SQLERRD(3) tells you the actual row count. When you ask for 500 rows and only 317 remain, SQLCODE is 100 (end of result set) but SQLERRD(3) is 317. You must check SQLERRD(3) to know how many rows were actually placed in your arrays. Ignoring this and processing all 500 slots will give you garbage data in positions 318–500 from whatever was left in WORKING-STORAGE.

⚠️ Production Bug Alert: The most common multi-row FETCH bug in production is processing stale data from the array. When the last FETCH returns SQLCODE 100 with SQLERRD(3) = 317, your loop must stop at 317 — not 500. Kwame's team found this bug in three different programs during their multi-row migration at CNB. In one case, the program had been processing phantom transactions for six weeks before anyone noticed the account balance discrepancies.

Indicator variable arrays are mandatory in production.
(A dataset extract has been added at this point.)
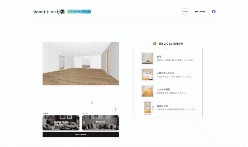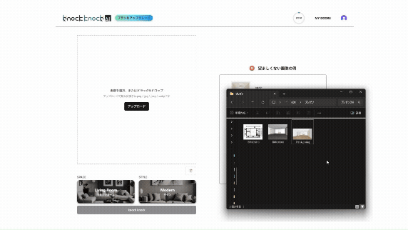 先ほど作った内観パースをPNG形式で出力しました。これを、knock knock AIにアップロードします。保存先のフォルダからドラッグ&ドロップという一般的な操作でアップロードできますし、望ましくない画像の例も載っていて、どんな画像を用意すると良いもわかりやすく、どなたでも使えるなという印象です。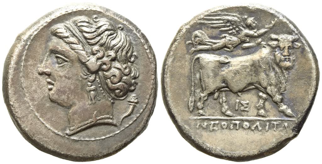 Head of nymph to left, wearing pendant earring and pearl necklace; cornucopia behind; Rv. Man-headed bull walking to right, head facing, crowned with wreath by Nike flying above to right; ΙΣ below, ΝΕΟΠΟΛΙΤΩ[Ν] in exergue. HN Italy 586; SNG BnF 856; SNG ANS 410. Fine style. Near extremely fine.

If any column can be NULL, you need indicator arrays. The indicator array must have the same OCCURS count as the host variable array. A value of -1 in the indicator means the corresponding column was NULL for that row. Skipping indicator arrays on nullable columns will get you SQLCODE -305 in production — and it will happen at 2 AM on the one night your on-call person is unreachable.
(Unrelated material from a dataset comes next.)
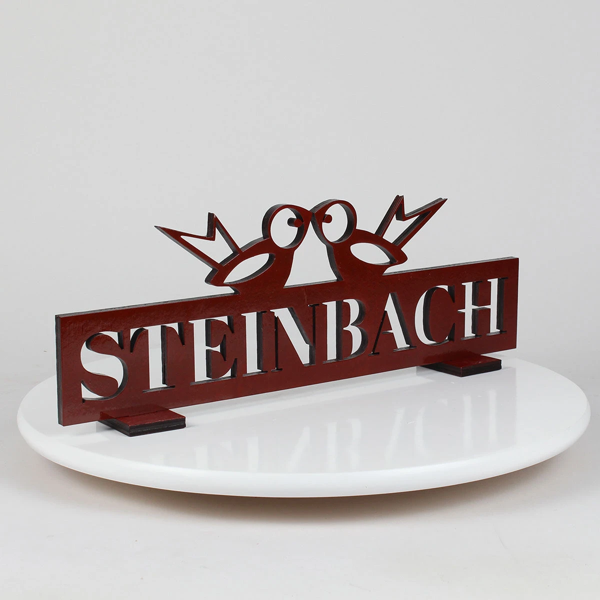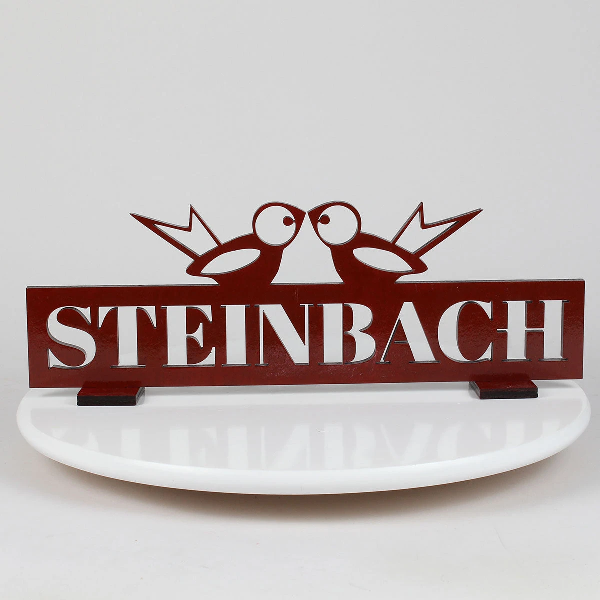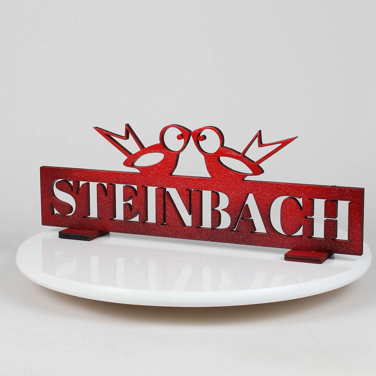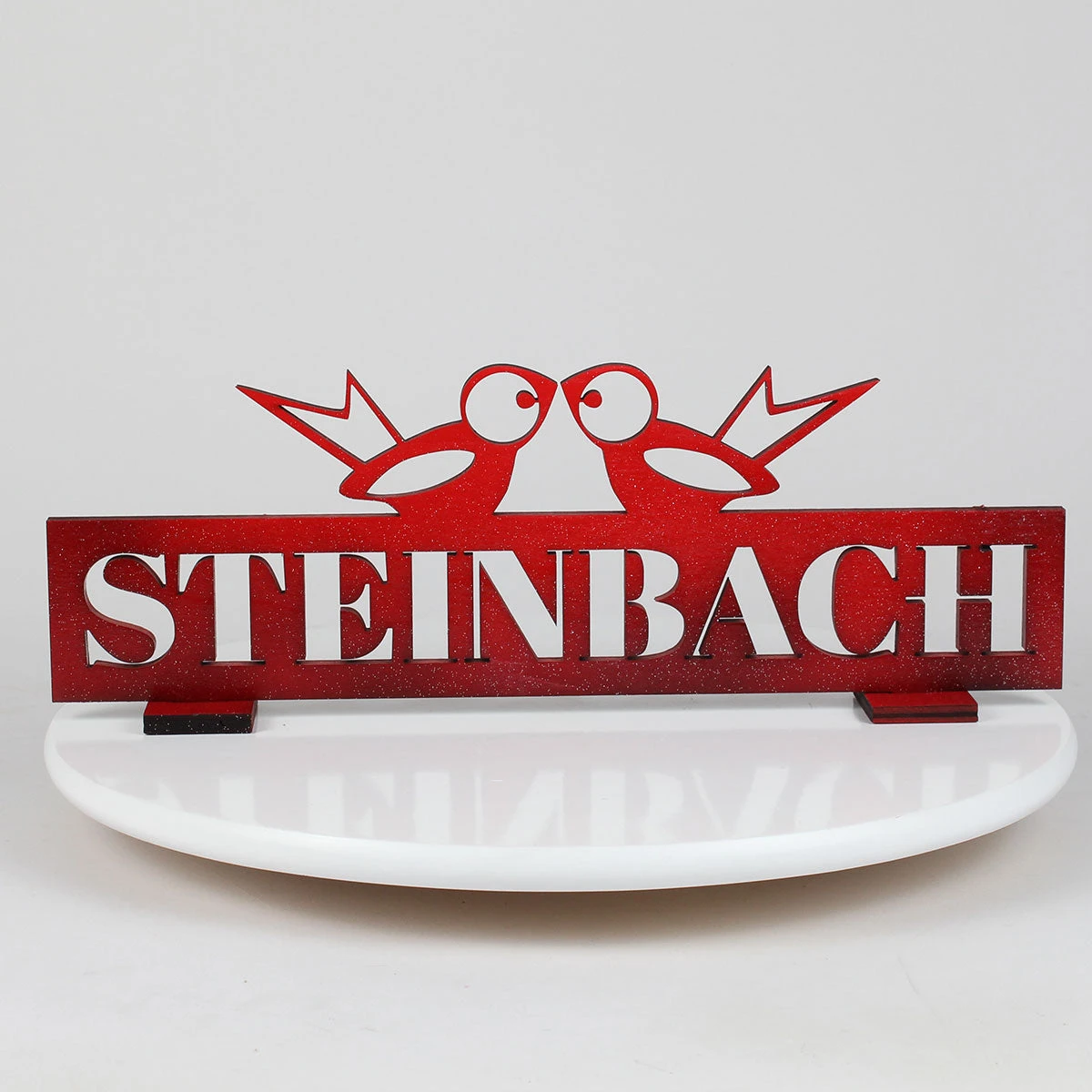Elevate your Steinbach collection with this elegant Steinbach Collector’s Display Stand, featuring the iconic Steinbach name and a charming pair of lovebirds perched above. Expertly crafted in a bold red finish with precision-cut lettering, this display adds a touch of character and sophistication to any showcase.

The OCCURS dimension must match the FOR n ROWS value. If your arrays are OCCURS 500 and you FETCH FOR 1000 ROWS, DB2 will happily write past the end of your arrays and corrupt whatever sits after them in WORKING-STORAGE. The COBOL compiler won't catch this. DB2 won't catch this. You'll find out when unrelated variables suddenly contain garbage. Use a working-storage variable for the rowset size and reference it in both the OCCURS and the FOR clause to keep them synchronized.

Multi-Row INSERT

The INSERT side follows the same pattern. Instead of inserting one audit record per transaction, you fill an array and insert the entire batch:

       01  WS-AUDIT-ARRAY.
           05  WS-AUDIT-ROW OCCURS 500 TIMES.
               10  WS-AUD-ACCT   PIC X(12).
               10  WS-AUD-AMT    PIC S9(13)V99 COMP-3.
               10  WS-AUD-TSTAMP PIC X(26).
               10  WS-AUD-ACTION PIC X(10).
               10  WS-AUD-USER   PIC X(8).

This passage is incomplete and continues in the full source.